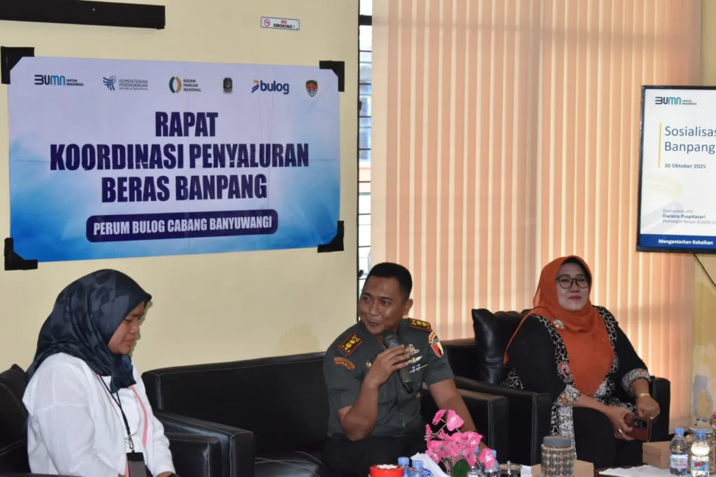 Dalam Rapat Koordinasi yang diselenggarakan di Kompleks Pergudangan Ketapang II Perum BULOG Banyuwangi, Dandim 0825/Banyuwangi Letkol Arm Tryadi Indrawijaya, S.H., M.I.P. menekankan bahwa penyaluran bantuan pangan bukan hanya sekadar kewajiban administratif, tetapi juga bagian dari pengabdian dan nilai ibadah yang harus dijalankan dengan hati yang tulus.
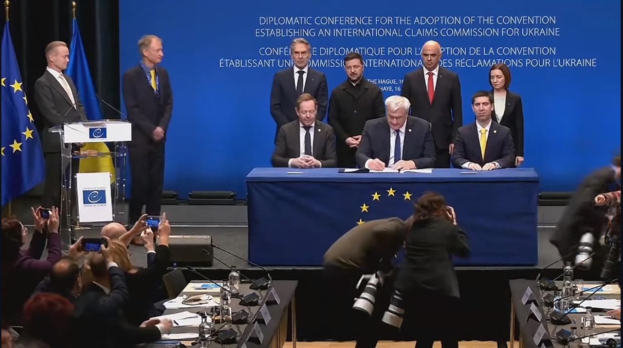 乌克兰战争索赔委员会成立,成员主要是欧洲国家。也就是欧洲要联合起来帮助乌克兰在战后向俄罗斯索赔,俄罗斯对给乌克兰造成的每一项损失,战争结束后都要对乌克兰进行赔偿,因为侵略罪行需要被清算。 首批在公约上签字的国家是荷兰和摩尔多瓦,首个国家当然是乌克兰了。签署仪式于17日在欧盟总部举行。此前,欧盟已对俄罗斯2100亿欧元的资产永久冻结。 这是乌克兰在柏林和会获得三重保障后的又一重大收获。
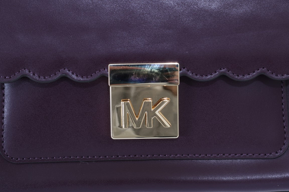 Indulge in timeless elegance with this exquisite Michael Kors Mindy Shoulder Bag, perfect for making a sophisticated statement. Crafted from luxurious leather in a rich damson purple, this accessory is as functional as it is fashionable. The bag features a comfortable, adjustable strap and is complemented by lustrous gold-tone hardware, including a secure magnetic flap closure. Inside, a neatly organized interior awaits, including a zippered pocket for your precious essentials. Complete with original tags and a Michael Kors shopping bag, it’s an embodiment of chic functionality.
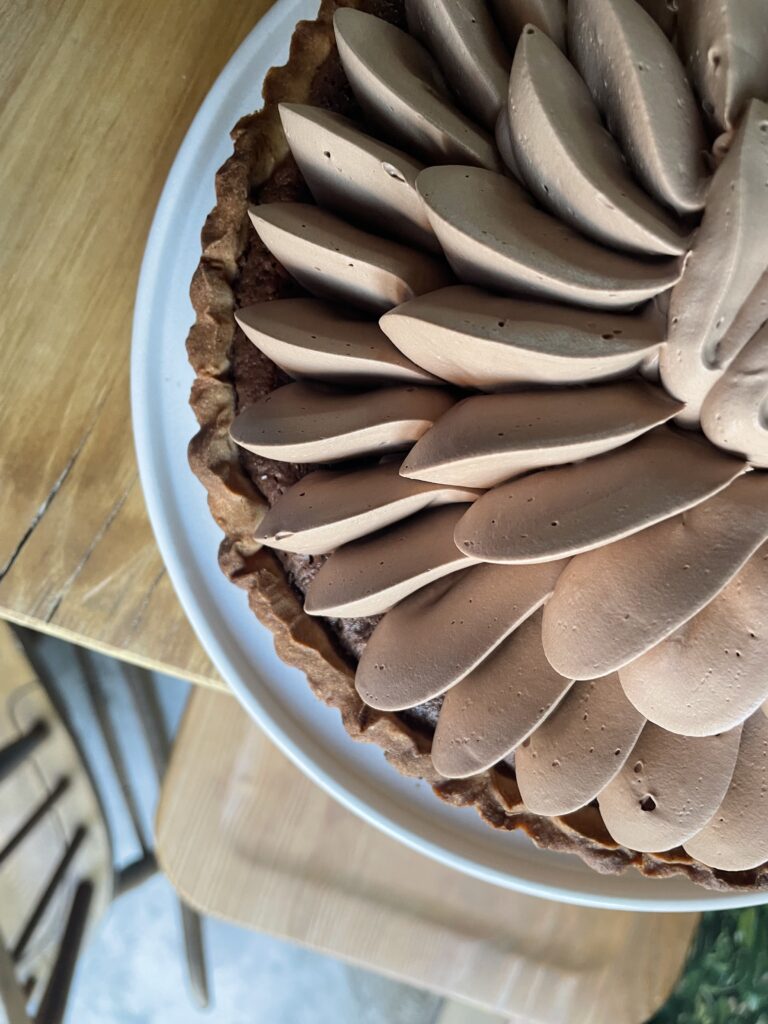 スイートチョコとビターチョコの配合が絶妙なチョコレート系タルト。
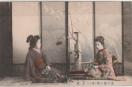 明治期のものと推察される美人芸三味(生花)手彩色はがきです。
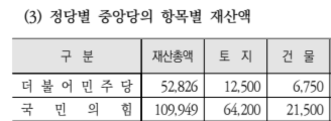 2023년도 기준 국민의 힘 중앙당의 재산이다. 지방당을 합치면 더 많아진다.
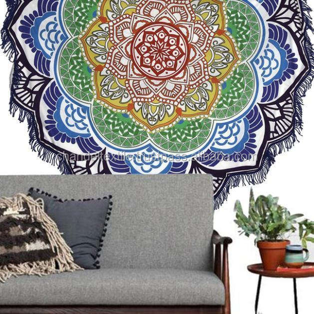 ผ้าปูโต๊ะ/เสื่อโยคะ/ผ้าคลุมชายหาด/ผ้าห่ม/ผ้าตกแต่งผนังลายดอกบัวหลากสีสัน ผลิตในอินเดีย เหมาะสำหรับตกแต่งคริสต์มาส
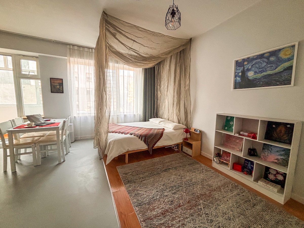 This is a 69 square meter, 1-bedroom apartment located next to the Natural History Museum. It has been renovated and is fully furnished with new furniture and electronic devices. The interior has a warm and cozy atmosphere with natural warm green and white tones. Within a 5-15 minute walk, you'll find centrally located department stores, museums, coffee shops, and restaurants. This apartment is perfect for those who enjoy walking and exploring the neighborhood.
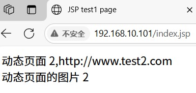##两台tomcat服务器配置一致 [root@localhost /]# dnf -y install java //安装实验需要的环境 [root@localhost /]# mkdir -p /web/webapp1 [root@localhost webapp1]# ls index.jsp ##第一台tomcat服务器 [root@localhost webapp1]# cat index.jsp <%@ page language="java" import="java.util.*" pageEncoding="UTF-8"%> <html> <head> <title>JSP test2 page</title> </head> <body> <% out.println("动态页面 1,http://www.test2.com");%> </body> <body> <div>动态页面的图片 1</div><br><img src="logo.png"> </body> </html> ##第二台tomcat服务器 [root@localhost webapp1]# cat index.jsp <%@ page language="java" import="java.util.*" pageEncoding="UTF-8"%> <html> <head> <title>JSP test2 page</title> </head> <body> <% out.println("动态页面 2,http://www.test2.com");%> </body> <body> <div>动态页面的图片 2</div><br><img src="logo.png"> ##为了方便验证两台服务器页面可以不一致 </body> </html>
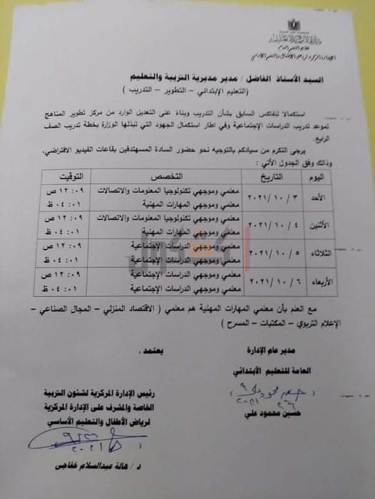 أرسلت وزارة التربية والتعليم والتعليم الفني، خطابا لجميع مديريات التربية والتعليم بالمحافظات، بشأن تدريب معلمي الصف الرابع الابتدائي، وجاء نص الخطاب كالتالي:
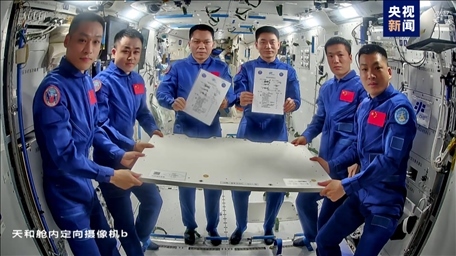 4月28日,神舟十七號、神舟十八號航天員乘組在軌舉行交接儀式,兩個乘組移交了中國空間站的鑰匙。神舟十七號航天員乘組將于4月30日返回地球。
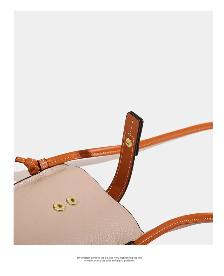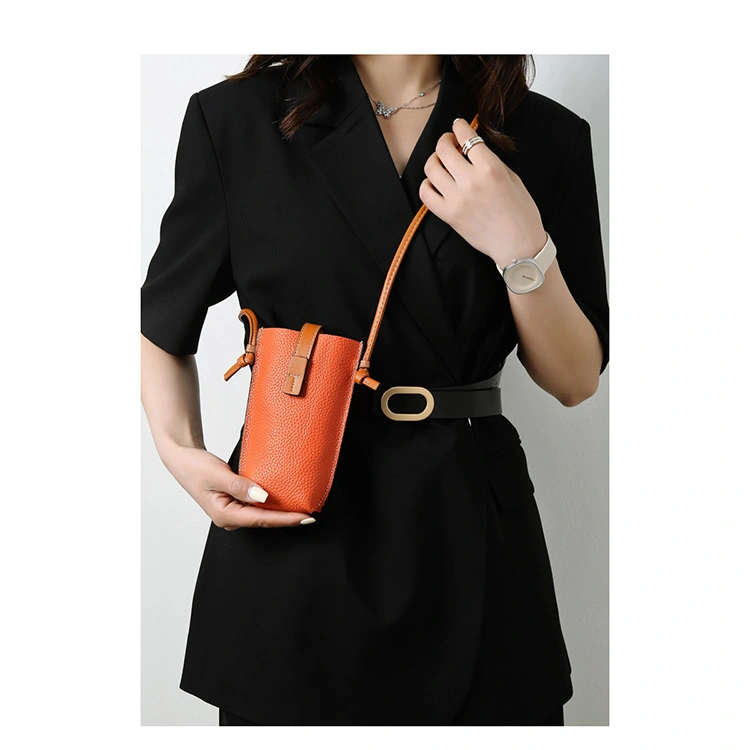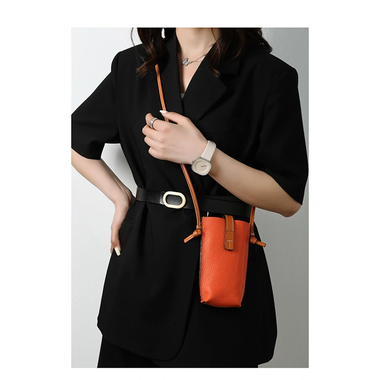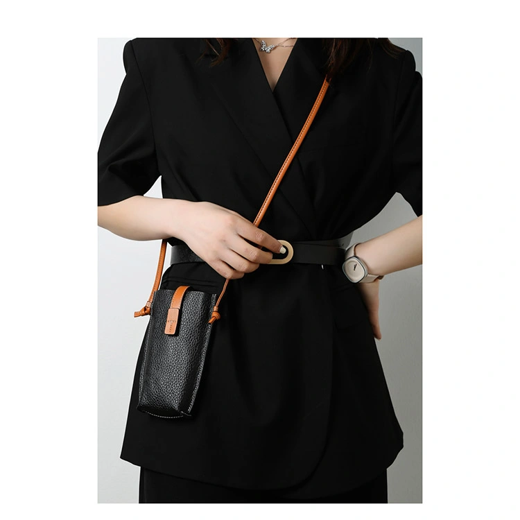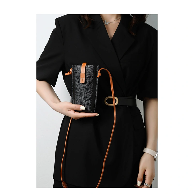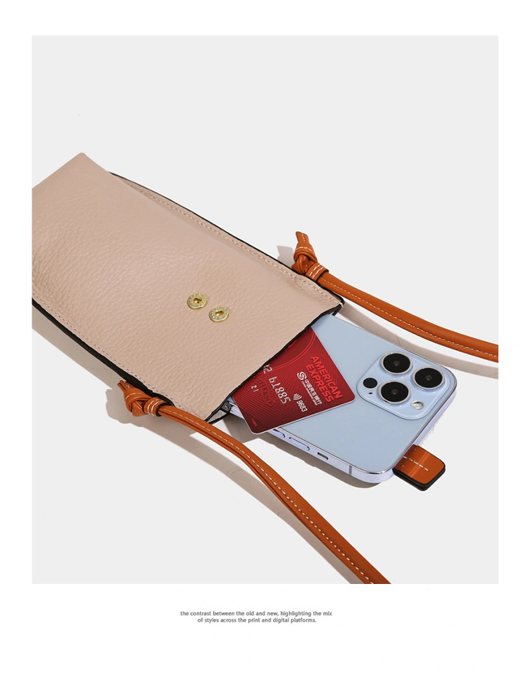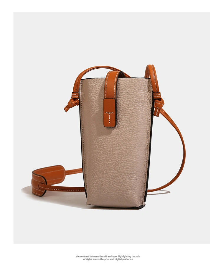 【样品预售】头层牛皮手机包 简约竖款单肩斜挎包 时尚撞色便携女包11*17*3.5cm 9131(mingheng)

**What you should do**
Transcribe the records above exactly as they appear, leaving out any pictures.

**Written response**
 Dalam Rapat Koordinasi yang diselenggarakan di Kompleks Pergudangan Ketapang II Perum BULOG Banyuwangi, Dandim 0825/Banyuwangi Letkol Arm Tryadi Indrawijaya, S.H., M.I.P. menekankan bahwa penyaluran bantuan pangan bukan hanya sekadar kewajiban administratif, tetapi juga bagian dari pengabdian dan nilai ibadah yang harus dijalankan dengan hati yang tulus.
 乌克兰战争索赔委员会成立,成员主要是欧洲国家。也就是欧洲要联合起来帮助乌克兰在战后向俄罗斯索赔,俄罗斯对给乌克兰造成的每一项损失,战争结束后都要对乌克兰进行赔偿,因为侵略罪行需要被清算。 首批在公约上签字的国家是荷兰和摩尔多瓦,首个国家当然是乌克兰了。签署仪式于17日在欧盟总部举行。此前,欧盟已对俄罗斯2100亿欧元的资产永久冻结。 这是乌克兰在柏林和会获得三重保障后的又一重大收获。
 Indulge in timeless elegance with this exquisite Michael Kors Mindy Shoulder Bag, perfect for making a sophisticated statement. Crafted from luxurious leather in a rich damson purple, this accessory is as functional as it is fashionable. The bag features a comfortable, adjustable strap and is complemented by lustrous gold-tone hardware, including a secure magnetic flap closure. Inside, a neatly organized interior awaits, including a zippered pocket for your precious essentials. Complete with original tags and a Michael Kors shopping bag, it’s an embodiment of chic functionality.
 スイートチョコとビターチョコの配合が絶妙なチョコレート系タルト。
 明治期のものと推察される美人芸三味(生花)手彩色はがきです。
 2023년도 기준 국민의 힘 중앙당의 재산이다. 지방당을 합치면 더 많아진다.
 ผ้าปูโต๊ะ/เสื่อโยคะ/ผ้าคลุมชายหาด/ผ้าห่ม/ผ้าตกแต่งผนังลายดอกบัวหลากสีสัน ผลิตในอินเดีย เหมาะสำหรับตกแต่งคริสต์มาส
 This is a 69 square meter, 1-bedroom apartment located next to the Natural History Museum. It has been renovated and is fully furnished with new furniture and electronic devices. The interior has a warm and cozy atmosphere with natural warm green and white tones. Within a 5-15 minute walk, you'll find centrally located department stores, museums, coffee shops, and restaurants. This apartment is perfect for those who enjoy walking and exploring the neighborhood.
##两台tomcat服务器配置一致 [root@localhost /]# dnf -y install java //安装实验需要的环境 [root@localhost /]# mkdir -p /web/webapp1 [root@localhost webapp1]# ls index.jsp ##第一台tomcat服务器 [root@localhost webapp1]# cat index.jsp <%@ page language="java" import="java.util.*" pageEncoding="UTF-8"%> <html> <head> <title>JSP test2 page</title> </head> <body> <% out.println("动态页面 1,http://www.test2.com");%> </body> <body> <div>动态页面的图片 1</div><br><img src="logo.png"> </body> </html> ##第二台tomcat服务器 [root@localhost webapp1]# cat index.jsp <%@ page language="java" import="java.util.*" pageEncoding="UTF-8"%> <html> <head> <title>JSP test2 page</title> </head> <body> <% out.println("动态页面 2,http://www.test2.com");%> </body> <body> <div>动态页面的图片 2</div><br><img src="logo.png"> ##为了方便验证两台服务器页面可以不一致 </body> </html>
 أرسلت وزارة التربية والتعليم والتعليم الفني، خطابا لجميع مديريات التربية والتعليم بالمحافظات، بشأن تدريب معلمي الصف الرابع الابتدائي، وجاء نص الخطاب كالتالي:
 4月28日,神舟十七號、神舟十八號航天員乘組在軌舉行交接儀式,兩個乘組移交了中國空間站的鑰匙。神舟十七號航天員乘組將于4月30日返回地球。
 【样品预售】头层牛皮手机包 简约竖款单肩斜挎包 时尚撞色便携女包11*17*3.5cm 9131(mingheng)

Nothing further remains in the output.